* What needs to be done *
Where the line containing "ZITY Mens Golf" appears below, begin there and reproduce each line exactly through the last one, omitting pictures.

* Data under study *
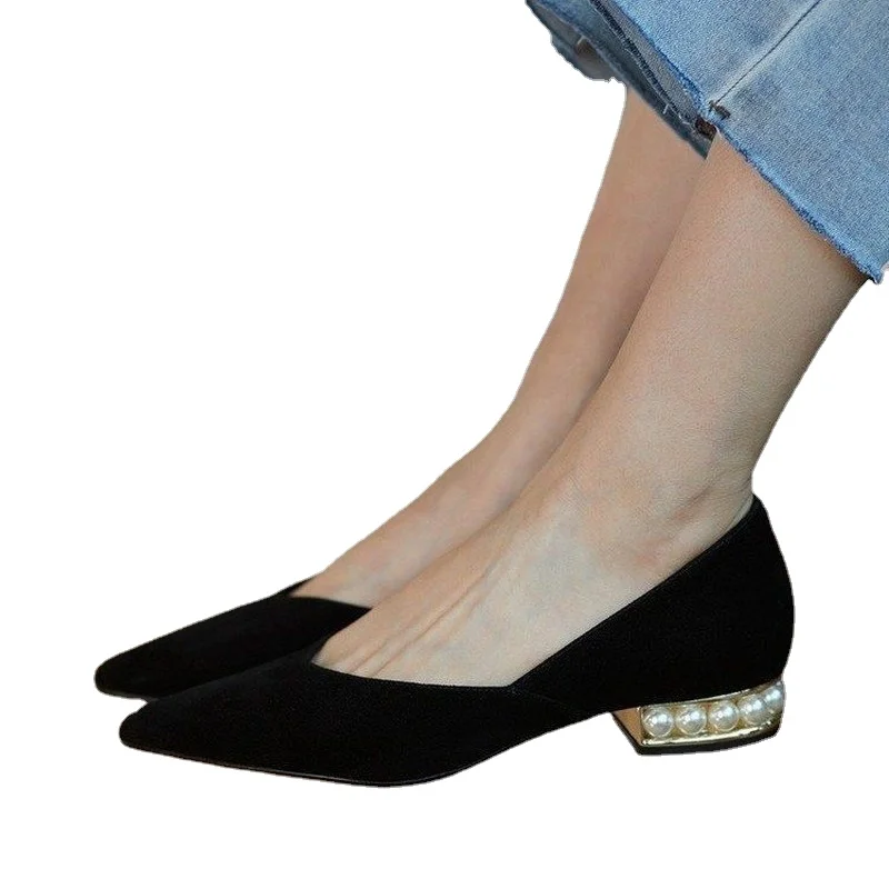 Туфли-лодочки женские с жемчужинами, модная обувь на каблуке, замша...
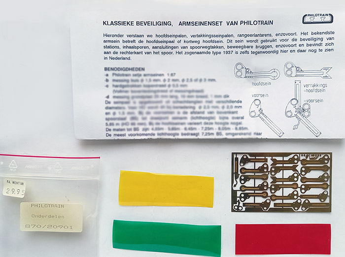 Diverse seinarmen gestanst in messing + bouwbeschrijving hoe een seinpaal te maken. Nieuw in originele verpakking.
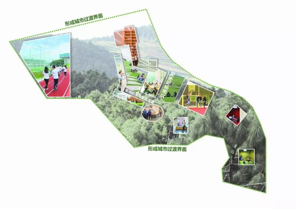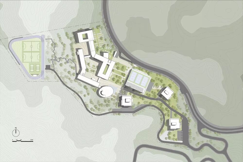 针对国际学校的特殊需要,户外运动领域仅仅是作为一个教师和学生放学后锻炼但不是体育课的主要地方,也由于特殊的山地地形,户外运动领域位于温柔峰会的一部分。它与教师和学生的主要活动区域有较大的高差,可以通过攀登石阶或蜿蜒的山路进行物流到达。
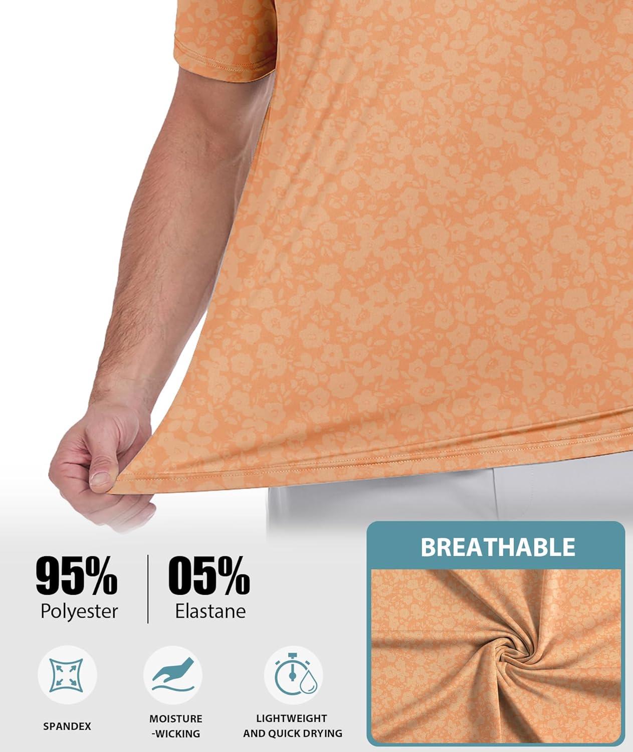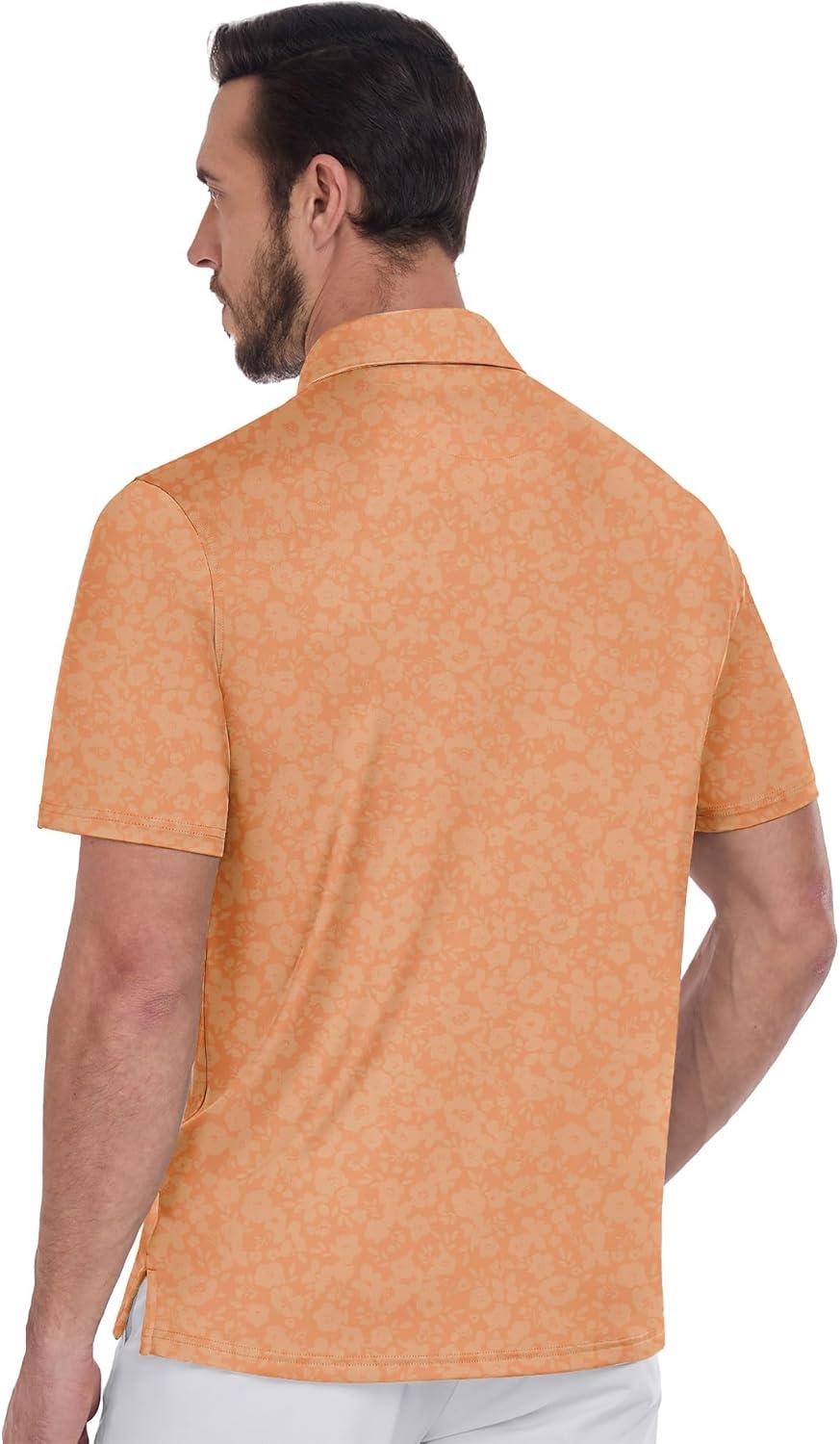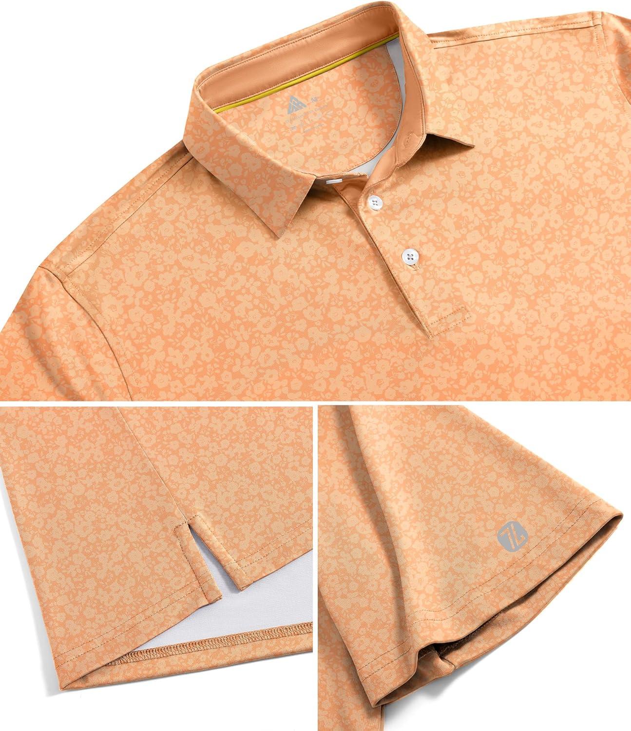 ZITY Mens Golf Shirts Short Sleeve Print Patterns Performance Moisture Wicking Polo Shirt(Light Orange Flower)
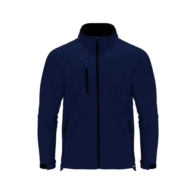 NOVINKA 2025. RPET Soft jacket made in 3 layers, 340 g/m2. With 8000mm membrane, waterproof and breathable. Exterior in Soft Shell and interior in microe polar fleece in black. With outside pocket on right chest and two side pockets with zips. With central zip and inverted zips on pockets, including black drawstring pullers. Raglan sleeves with velcro fastening system on the cuff in black. Matching chin protector and adjustable waistband, with elastic band and stopper. RPET label on the trim of the garment.
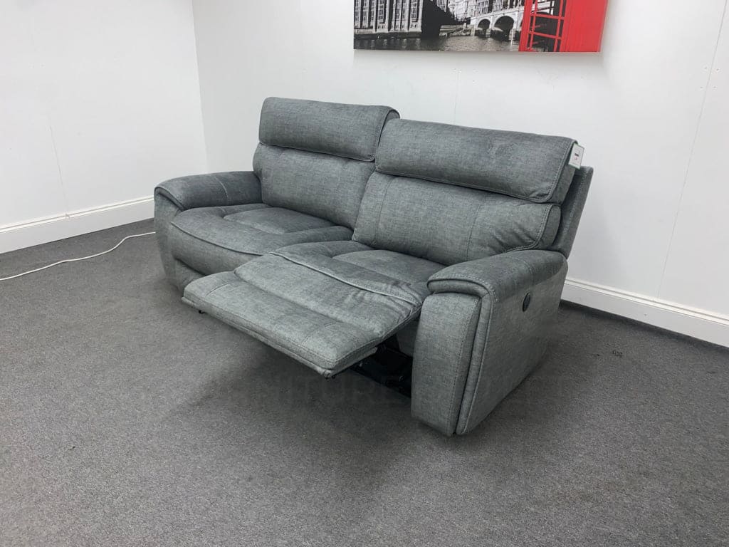 Portebello Electric Recliner Grey Fabric 3 Seater Sofa
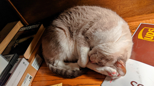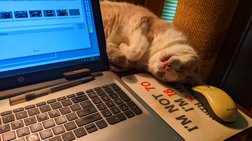 You've seen Zack beside my laptop before, but here he's encroaching more on the mousepad. I actually decided to get up and do something else rather than try to move him. |
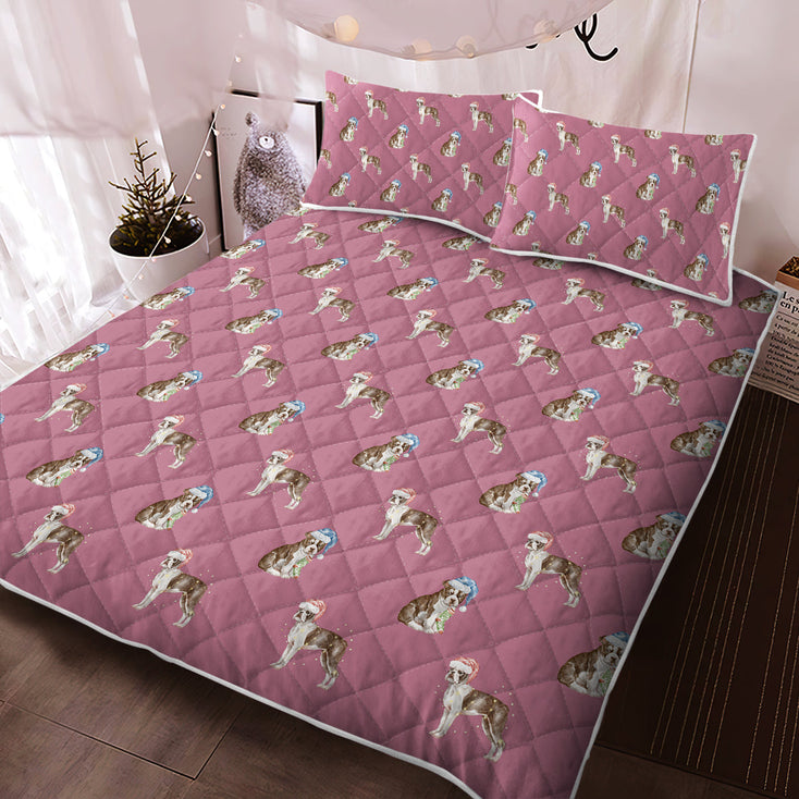 Transform your bedroom into a festive haven with our Watercolor Chocolate Red Boston Terriers Christmas Quilted Bedding Set.
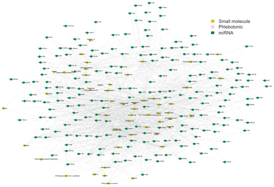 The structural network of small molecules, phlebotonic, and miRNAs. The structural network depicts the targeted miRNAs (green nodes) between small molecules (yellow nodes) and the phlebotonic hesperidin (pink node). It was observed that curcumin exhibited the highest connection of miRNAs with the reported phlebotonic hesperidin. The network involves 246 nodes and 1153 edges, with a diameter and a network density of 6 and 0.038, respectively. The network construction utilized Cytoscape software (v.3.10.2). Please refer to the Supplementary Materials (Figure S4) for a better image resolution.

* Response box *
 ZITY Mens Golf Shirts Short Sleeve Print Patterns Performance Moisture Wicking Polo Shirt(Light Orange Flower)
 NOVINKA 2025. RPET Soft jacket made in 3 layers, 340 g/m2. With 8000mm membrane, waterproof and breathable. Exterior in Soft Shell and interior in microe polar fleece in black. With outside pocket on right chest and two side pockets with zips. With central zip and inverted zips on pockets, including black drawstring pullers. Raglan sleeves with velcro fastening system on the cuff in black. Matching chin protector and adjustable waistband, with elastic band and stopper. RPET label on the trim of the garment.
 Portebello Electric Recliner Grey Fabric 3 Seater Sofa
 You've seen Zack beside my laptop before, but here he's encroaching more on the mousepad. I actually decided to get up and do something else rather than try to move him. |
 Transform your bedroom into a festive haven with our Watercolor Chocolate Red Boston Terriers Christmas Quilted Bedding Set.
 The structural network of small molecules, phlebotonic, and miRNAs. The structural network depicts the targeted miRNAs (green nodes) between small molecules (yellow nodes) and the phlebotonic hesperidin (pink node). It was observed that curcumin exhibited the highest connection of miRNAs with the reported phlebotonic hesperidin. The network involves 246 nodes and 1153 edges, with a diameter and a network density of 6 and 0.038, respectively. The network construction utilized Cytoscape software (v.3.10.2). Please refer to the Supplementary Materials (Figure S4) for a better image resolution.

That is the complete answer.